Nambu Hamiltonians preserve intersecting surfaces in phase space.

Surface foliations reproduce the dynamics of strange attractors.

Flow decomposition separates volume-preserving and dissipative components.

Abstract

We discuss recent work with E.Floratos (JHEP 1004:036,2010) on Nambu Dynamics of Intersecting Surfaces underlying Dissipative Chaos in $R^{3}$. We present our argument for the well studied Lorenz and R\"{o}ssler strange attractors. We implement a flow decomposition to their equations of motion. Their volume preserving part preserves in time a family of two intersecting surfaces, the so called {\em Nambu Hamiltonians}. For dynamical systems with linear dissipative sector such as the Lorenz system, they are specified in terms of Intersecting Quadratic Surfaces.
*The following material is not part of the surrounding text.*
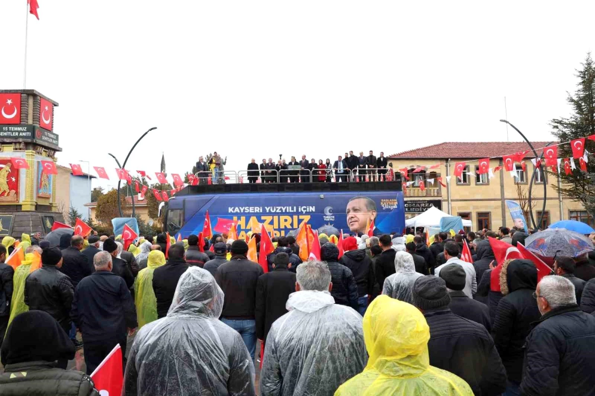 Yağan yağmur altında şemsiyeyi kaldırıp, 'beraber ıslanalım' diyerek konuşmasına başlayan AK Parti İl Başkanı Fatih Üzüm ise 5 yılda kırktan fazla hizmette sözünü gerçekleştirmiş olan ve yüz akı olarak nitelediği Tomarza Belediye Başkanı aynı zamanda adayı Davut Şahin'e başarılar diledi.

For the case of the R\"{o}ssler system, with nonlinear dissipative part, they are given in terms of a Helicoid intersected by a Cylinder. In each case they foliate the entire phase space and get deformed by Dissipation, the irrotational component to their flow. It is given by the gradient of a surface in $R^{3}$ specified in terms of a scalar function. All three intersecting surfaces reproduce completely the dynamics of each strange attractor.